How to recover a MicroCloud cluster

Note

Each MicroCloud service uses the Dqlite distributed database for highly-available storage. While the cluster recovery process is similar for each service, this document only covers cluster recovery for the microcloudd daemon. For cluster recovery procedures for LXD, MicroCeph and MicroOVN, see:

MicroCloud requires a majority of the database voters (a quorum) to be accessible in order to perform database operations. If a cluster has less than a quorum of voters up and accessible, then database operations will no longer be possible on the entire cluster.

If the loss of quorum is temporary (e.g. some members temporarily lose power), database operations will be restored when the offline members come back online.

This document describes how to recover database access if the offline members have been lost without the possibility of recovery (e.g. disk failure).

Recovery procedure

  1. Shut down all cluster members before performing cluster recovery:

    sudo snap stop microcloud
    
  2. Once all cluster members are shut down, determine which Dqlite database is most up to date.
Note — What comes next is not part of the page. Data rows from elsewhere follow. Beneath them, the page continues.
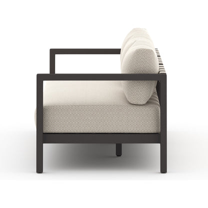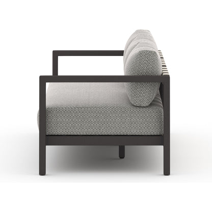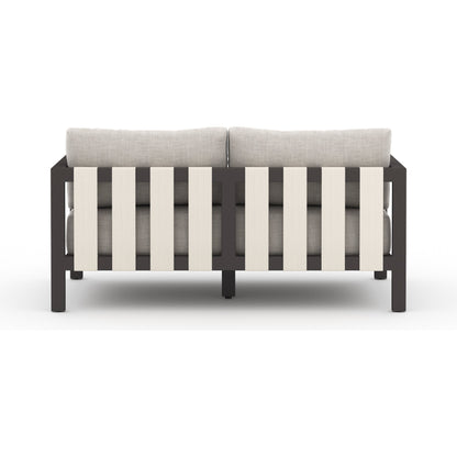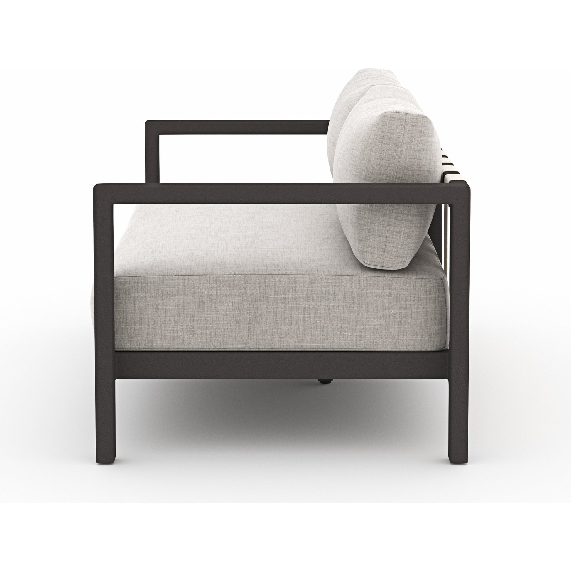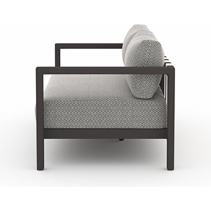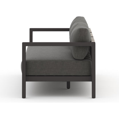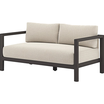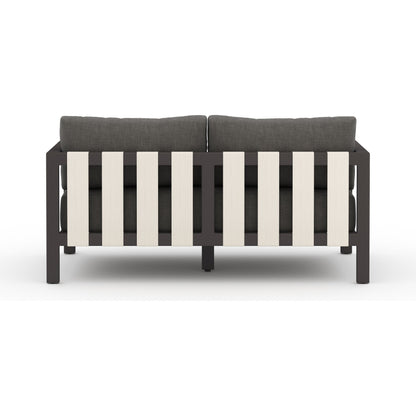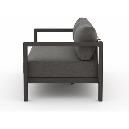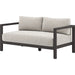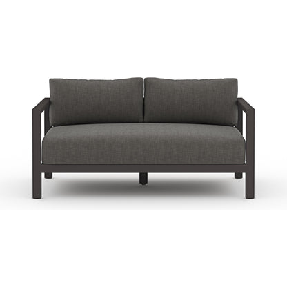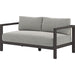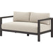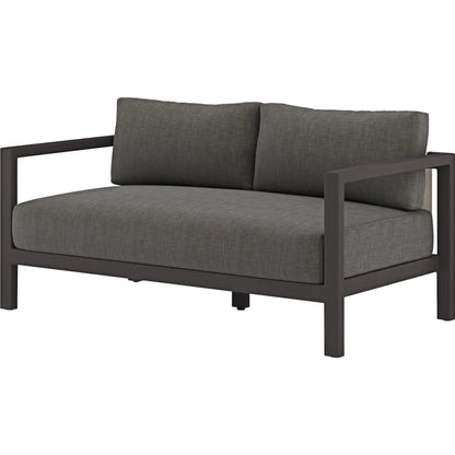Modern materials ready a stylish silhouette for the outdoors. Bronze-finished teak forms a two-seat frame for UV-resistant and water-repellent Sunproof fabric in an inviting charcoal. Rear ivory straps add intrigue. Cover or store indoors during inclement weather and when not in use.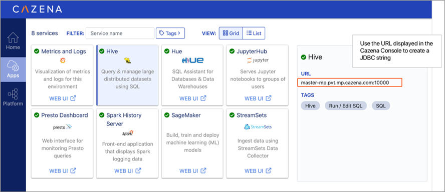 The Cazena console provides links to a wide variety of tools and applications, as well as connection strings for JDBC or ODBC connections. Simply configure the connection strings using the Cazena-supplied private IP (or URL) and provide proper authorization. It’s also possible to add custom or proprietary applications via Cazena’s AppCloud.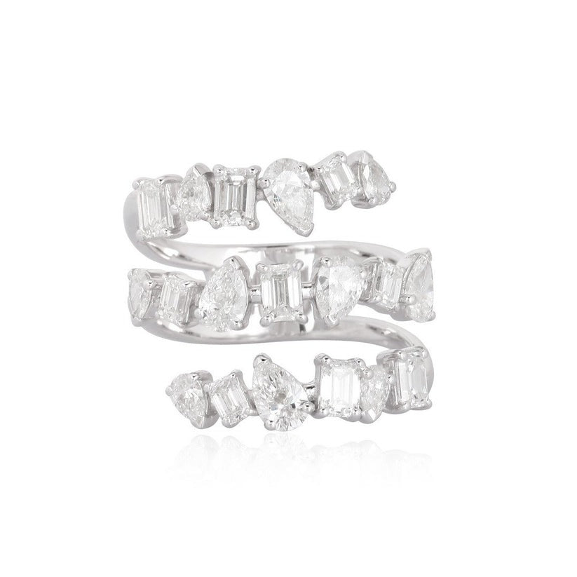 Wrap Elegance 14K (or 18k upon request) White Gold Mixed Cut Diamond Spiral Ring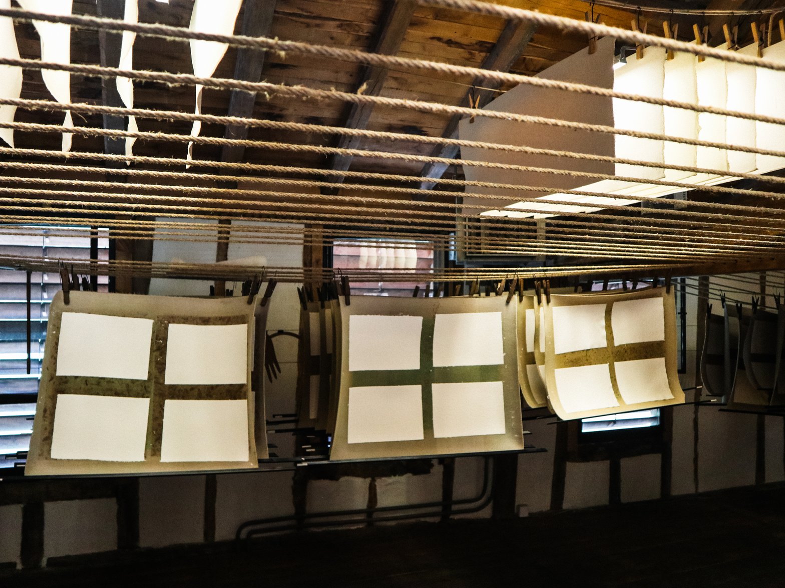 Ici, c’est le séchoir. Il y a du papier fabriqué à partir de plein de choses, dont par exemple de l’artichaut. Le saviez-vous ? Moi, non.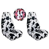 I looked at several cow print car seat covers online and chose these because of the size of the spots. Many of the other pictures look more like a Dalmation than a cow. Unfortunately, when these arrived, the spots were much smaller and not as they are pictured online. They actually look identical to the picture from the manufacturer "Shear Comfort" which are much more expensive as well.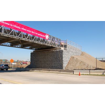 GeoTrel is a wire-faced temporary MSE wall system, consisting of high-strength extensible geosynthetic reinforcing strips (GeoStrap™) connected to wire mesh facing. The system provides a cost-effective solution for temporary wall applications where aesthetics is not a critical requirement, precast concrete facing is cost prohibitive, or heavy lifting is not feasible. GeoTrel is ideal for temporary structures used in roadway widening, bridge phasing, and surcharges for inducing settlement.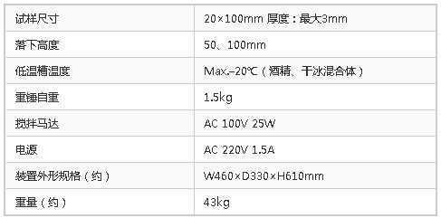 把被測試樣折彎后放入低溫槽內(nèi)進行狀態(tài)調(diào)節(jié),達到規(guī)定狀態(tài)后將加載一定負荷的重錘落下,測量試樣的微裂及裂痕。
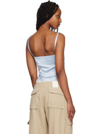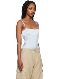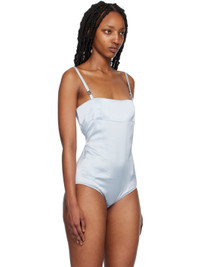 Viscose satin bodysuit. · Paneled construction · Straight neck · Elasticized cuffs · Press-stud fastening at bottom · Logo hardware at adjustable spaghetti straps Supplier color: Ice blue 100% viscose. Made in Bulgaria 231325F358007

Look for files in /var/snap/microcloud/common/state/database whose filenames are two numbers separated by a dash (i.e. 0000000000056436-0000000000056501). The largest second number in that directory is the end index of the most recently closed segment (56501 in the example). The cluster member with the highest end index is the most up to date.

  3. On the most up-to-date cluster member, use the following command to reconfigure the Dqlite roles for each member:

    sudo microcloud cluster recover
    
  4. As indicated by the output of the above command, copy /var/snap/microcloud/common/state/recovery_db.tar.gz to the same path on each cluster member.

  5. Restart MicroCloud. The recovered database tarball will be loaded on daemon startup. Once a quorum of voters have been started, the MicroCloud database will become available.

    sudo snap start microcloud
    

Backups

MicroCloud creates a backup of the database directory before performing the recovery operation to ensure that no data is lost. The backup tarball is created in /var/snap/microcloud/common/state/. If the cluster recovery operation fails, use the following commands to restore the existing database:

cd /var/snap/microcloud/common/state
sudo mv database broken_db
sudo tar -xf db_backup.TIMESTAMP.tar.gz